*** Opening of MATERIAL SHOWN ***
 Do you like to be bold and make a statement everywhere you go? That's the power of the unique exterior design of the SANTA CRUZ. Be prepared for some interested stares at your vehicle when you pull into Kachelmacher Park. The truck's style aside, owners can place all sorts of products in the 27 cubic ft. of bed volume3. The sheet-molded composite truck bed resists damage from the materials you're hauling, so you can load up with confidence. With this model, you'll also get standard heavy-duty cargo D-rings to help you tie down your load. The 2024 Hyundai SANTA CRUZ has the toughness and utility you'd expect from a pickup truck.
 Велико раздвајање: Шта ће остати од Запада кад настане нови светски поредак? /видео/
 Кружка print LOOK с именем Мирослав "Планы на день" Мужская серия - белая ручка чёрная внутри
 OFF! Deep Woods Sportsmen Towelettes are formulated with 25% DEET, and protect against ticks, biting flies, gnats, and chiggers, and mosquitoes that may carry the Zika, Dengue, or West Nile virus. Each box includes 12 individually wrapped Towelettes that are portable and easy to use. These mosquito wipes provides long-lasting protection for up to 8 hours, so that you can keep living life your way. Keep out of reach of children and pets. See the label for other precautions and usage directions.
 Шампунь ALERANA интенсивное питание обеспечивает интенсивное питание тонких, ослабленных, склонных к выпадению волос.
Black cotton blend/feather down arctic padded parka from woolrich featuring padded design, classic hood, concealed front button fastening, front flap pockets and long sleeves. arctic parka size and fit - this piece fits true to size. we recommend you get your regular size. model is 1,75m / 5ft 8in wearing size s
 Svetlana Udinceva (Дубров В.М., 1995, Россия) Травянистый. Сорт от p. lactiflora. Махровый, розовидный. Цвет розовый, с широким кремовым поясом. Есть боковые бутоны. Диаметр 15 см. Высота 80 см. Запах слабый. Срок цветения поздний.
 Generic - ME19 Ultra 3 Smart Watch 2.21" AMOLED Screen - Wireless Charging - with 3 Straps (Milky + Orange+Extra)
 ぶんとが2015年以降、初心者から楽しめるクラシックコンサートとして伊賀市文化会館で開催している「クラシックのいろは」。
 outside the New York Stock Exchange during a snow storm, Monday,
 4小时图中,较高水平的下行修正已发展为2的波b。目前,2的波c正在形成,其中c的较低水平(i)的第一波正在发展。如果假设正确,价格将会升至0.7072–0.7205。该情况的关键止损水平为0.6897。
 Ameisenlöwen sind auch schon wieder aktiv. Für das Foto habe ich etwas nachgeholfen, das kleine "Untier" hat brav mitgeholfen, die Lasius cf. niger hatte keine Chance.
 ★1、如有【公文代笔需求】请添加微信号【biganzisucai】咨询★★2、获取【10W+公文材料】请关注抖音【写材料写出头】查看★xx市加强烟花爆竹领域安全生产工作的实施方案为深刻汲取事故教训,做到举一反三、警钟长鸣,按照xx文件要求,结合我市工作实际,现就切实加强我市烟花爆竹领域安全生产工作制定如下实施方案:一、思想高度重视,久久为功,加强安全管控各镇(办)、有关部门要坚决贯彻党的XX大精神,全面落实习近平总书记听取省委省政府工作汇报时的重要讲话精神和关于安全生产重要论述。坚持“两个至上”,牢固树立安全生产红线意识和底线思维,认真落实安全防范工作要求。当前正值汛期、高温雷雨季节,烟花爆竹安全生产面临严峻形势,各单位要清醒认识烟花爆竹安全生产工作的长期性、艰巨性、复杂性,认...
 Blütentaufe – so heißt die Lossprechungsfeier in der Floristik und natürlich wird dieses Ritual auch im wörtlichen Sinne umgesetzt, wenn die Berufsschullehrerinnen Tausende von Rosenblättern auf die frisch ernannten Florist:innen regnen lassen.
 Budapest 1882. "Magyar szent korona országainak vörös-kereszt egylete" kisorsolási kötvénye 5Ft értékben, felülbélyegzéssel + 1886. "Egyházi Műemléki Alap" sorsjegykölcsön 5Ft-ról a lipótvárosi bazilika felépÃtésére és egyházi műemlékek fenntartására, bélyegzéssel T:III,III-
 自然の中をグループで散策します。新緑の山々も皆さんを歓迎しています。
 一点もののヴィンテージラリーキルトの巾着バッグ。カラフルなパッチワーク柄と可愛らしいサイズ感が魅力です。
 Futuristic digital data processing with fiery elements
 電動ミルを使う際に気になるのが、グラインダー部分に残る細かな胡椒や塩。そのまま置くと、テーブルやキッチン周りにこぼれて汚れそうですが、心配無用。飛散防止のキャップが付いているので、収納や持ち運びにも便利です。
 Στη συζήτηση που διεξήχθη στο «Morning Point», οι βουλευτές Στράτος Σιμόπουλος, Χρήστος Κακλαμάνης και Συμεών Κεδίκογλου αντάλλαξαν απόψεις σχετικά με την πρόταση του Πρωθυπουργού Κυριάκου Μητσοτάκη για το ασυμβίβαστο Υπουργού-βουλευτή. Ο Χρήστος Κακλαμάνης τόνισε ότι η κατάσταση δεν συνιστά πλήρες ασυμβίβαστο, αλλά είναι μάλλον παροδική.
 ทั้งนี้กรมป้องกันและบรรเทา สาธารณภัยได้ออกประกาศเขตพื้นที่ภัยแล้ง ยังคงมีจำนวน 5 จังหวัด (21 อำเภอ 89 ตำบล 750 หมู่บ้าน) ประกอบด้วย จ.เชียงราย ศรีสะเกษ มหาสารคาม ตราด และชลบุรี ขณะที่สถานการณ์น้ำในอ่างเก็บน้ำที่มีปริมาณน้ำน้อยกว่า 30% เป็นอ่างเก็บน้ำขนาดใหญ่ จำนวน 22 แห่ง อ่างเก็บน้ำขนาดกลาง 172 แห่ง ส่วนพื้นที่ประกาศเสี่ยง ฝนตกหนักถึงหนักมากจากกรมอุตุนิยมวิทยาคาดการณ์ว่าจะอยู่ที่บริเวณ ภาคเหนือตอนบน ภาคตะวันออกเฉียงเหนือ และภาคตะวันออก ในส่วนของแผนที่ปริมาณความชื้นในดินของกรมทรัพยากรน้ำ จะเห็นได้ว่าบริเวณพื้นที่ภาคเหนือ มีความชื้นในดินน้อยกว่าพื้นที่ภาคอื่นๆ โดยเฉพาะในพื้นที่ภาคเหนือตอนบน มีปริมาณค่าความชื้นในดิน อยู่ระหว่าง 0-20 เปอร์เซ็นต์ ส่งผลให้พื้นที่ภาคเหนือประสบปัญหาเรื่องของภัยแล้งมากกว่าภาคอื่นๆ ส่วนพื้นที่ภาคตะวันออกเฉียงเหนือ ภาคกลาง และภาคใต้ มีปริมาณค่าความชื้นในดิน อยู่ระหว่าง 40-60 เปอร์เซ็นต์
*** Close of MATERIAL SHOWN ***
WHAT THE TASK ASKS: Copy each record exactly, leaving nothing out.

OUTPUT OF THE EXERCISE:
 Do you like to be bold and make a statement everywhere you go? That's the power of the unique exterior design of the SANTA CRUZ. Be prepared for some interested stares at your vehicle when you pull into Kachelmacher Park. The truck's style aside, owners can place all sorts of products in the 27 cubic ft. of bed volume3. The sheet-molded composite truck bed resists damage from the materials you're hauling, so you can load up with confidence. With this model, you'll also get standard heavy-duty cargo D-rings to help you tie down your load. The 2024 Hyundai SANTA CRUZ has the toughness and utility you'd expect from a pickup truck.
 Велико раздвајање: Шта ће остати од Запада кад настане нови светски поредак? /видео/
 Кружка print LOOK с именем Мирослав "Планы на день" Мужская серия - белая ручка чёрная внутри
 OFF! Deep Woods Sportsmen Towelettes are formulated with 25% DEET, and protect against ticks, biting flies, gnats, and chiggers, and mosquitoes that may carry the Zika, Dengue, or West Nile virus. Each box includes 12 individually wrapped Towelettes that are portable and easy to use. These mosquito wipes provides long-lasting protection for up to 8 hours, so that you can keep living life your way. Keep out of reach of children and pets. See the label for other precautions and usage directions.
 Шампунь ALERANA интенсивное питание обеспечивает интенсивное питание тонких, ослабленных, склонных к выпадению волос.
Black cotton blend/feather down arctic padded parka from woolrich featuring padded design, classic hood, concealed front button fastening, front flap pockets and long sleeves. arctic parka size and fit - this piece fits true to size. we recommend you get your regular size. model is 1,75m / 5ft 8in wearing size s
 Svetlana Udinceva (Дубров В.М., 1995, Россия) Травянистый. Сорт от p. lactiflora. Махровый, розовидный. Цвет розовый, с широким кремовым поясом. Есть боковые бутоны. Диаметр 15 см. Высота 80 см. Запах слабый. Срок цветения поздний.
 Generic - ME19 Ultra 3 Smart Watch 2.21" AMOLED Screen - Wireless Charging - with 3 Straps (Milky + Orange+Extra)
 ぶんとが2015年以降、初心者から楽しめるクラシックコンサートとして伊賀市文化会館で開催している「クラシックのいろは」。
 outside the New York Stock Exchange during a snow storm, Monday,
 4小时图中,较高水平的下行修正已发展为2的波b。目前,2的波c正在形成,其中c的较低水平(i)的第一波正在发展。如果假设正确,价格将会升至0.7072–0.7205。该情况的关键止损水平为0.6897。
 Ameisenlöwen sind auch schon wieder aktiv. Für das Foto habe ich etwas nachgeholfen, das kleine "Untier" hat brav mitgeholfen, die Lasius cf. niger hatte keine Chance.
 ★1、如有【公文代笔需求】请添加微信号【biganzisucai】咨询★★2、获取【10W+公文材料】请关注抖音【写材料写出头】查看★xx市加强烟花爆竹领域安全生产工作的实施方案为深刻汲取事故教训,做到举一反三、警钟长鸣,按照xx文件要求,结合我市工作实际,现就切实加强我市烟花爆竹领域安全生产工作制定如下实施方案:一、思想高度重视,久久为功,加强安全管控各镇(办)、有关部门要坚决贯彻党的XX大精神,全面落实习近平总书记听取省委省政府工作汇报时的重要讲话精神和关于安全生产重要论述。坚持“两个至上”,牢固树立安全生产红线意识和底线思维,认真落实安全防范工作要求。当前正值汛期、高温雷雨季节,烟花爆竹安全生产面临严峻形势,各单位要清醒认识烟花爆竹安全生产工作的长期性、艰巨性、复杂性,认...
 Blütentaufe – so heißt die Lossprechungsfeier in der Floristik und natürlich wird dieses Ritual auch im wörtlichen Sinne umgesetzt, wenn die Berufsschullehrerinnen Tausende von Rosenblättern auf die frisch ernannten Florist:innen regnen lassen.
 Budapest 1882. "Magyar szent korona országainak vörös-kereszt egylete" kisorsolási kötvénye 5Ft értékben, felülbélyegzéssel + 1886. "Egyházi Műemléki Alap" sorsjegykölcsön 5Ft-ról a lipótvárosi bazilika felépÃtésére és egyházi műemlékek fenntartására, bélyegzéssel T:III,III-
 自然の中をグループで散策します。新緑の山々も皆さんを歓迎しています。
 一点もののヴィンテージラリーキルトの巾着バッグ。カラフルなパッチワーク柄と可愛らしいサイズ感が魅力です。
 Futuristic digital data processing with fiery elements
 電動ミルを使う際に気になるのが、グラインダー部分に残る細かな胡椒や塩。そのまま置くと、テーブルやキッチン周りにこぼれて汚れそうですが、心配無用。飛散防止のキャップが付いているので、収納や持ち運びにも便利です。
 Στη συζήτηση που διεξήχθη στο «Morning Point», οι βουλευτές Στράτος Σιμόπουλος, Χρήστος Κακλαμάνης και Συμεών Κεδίκογλου αντάλλαξαν απόψεις σχετικά με την πρόταση του Πρωθυπουργού Κυριάκου Μητσοτάκη για το ασυμβίβαστο Υπουργού-βουλευτή. Ο Χρήστος Κακλαμάνης τόνισε ότι η κατάσταση δεν συνιστά πλήρες ασυμβίβαστο, αλλά είναι μάλλον παροδική.
 ทั้งนี้กรมป้องกันและบรรเทา สาธารณภัยได้ออกประกาศเขตพื้นที่ภัยแล้ง ยังคงมีจำนวน 5 จังหวัด (21 อำเภอ 89 ตำบล 750 หมู่บ้าน) ประกอบด้วย จ.เชียงราย ศรีสะเกษ มหาสารคาม ตราด และชลบุรี ขณะที่สถานการณ์น้ำในอ่างเก็บน้ำที่มีปริมาณน้ำน้อยกว่า 30% เป็นอ่างเก็บน้ำขนาดใหญ่ จำนวน 22 แห่ง อ่างเก็บน้ำขนาดกลาง 172 แห่ง ส่วนพื้นที่ประกาศเสี่ยง ฝนตกหนักถึงหนักมากจากกรมอุตุนิยมวิทยาคาดการณ์ว่าจะอยู่ที่บริเวณ ภาคเหนือตอนบน ภาคตะวันออกเฉียงเหนือ และภาคตะวันออก ในส่วนของแผนที่ปริมาณความชื้นในดินของกรมทรัพยากรน้ำ จะเห็นได้ว่าบริเวณพื้นที่ภาคเหนือ มีความชื้นในดินน้อยกว่าพื้นที่ภาคอื่นๆ โดยเฉพาะในพื้นที่ภาคเหนือตอนบน มีปริมาณค่าความชื้นในดิน อยู่ระหว่าง 0-20 เปอร์เซ็นต์ ส่งผลให้พื้นที่ภาคเหนือประสบปัญหาเรื่องของภัยแล้งมากกว่าภาคอื่นๆ ส่วนพื้นที่ภาคตะวันออกเฉียงเหนือ ภาคกลาง และภาคใต้ มีปริมาณค่าความชื้นในดิน อยู่ระหว่าง 40-60 เปอร์เซ็นต์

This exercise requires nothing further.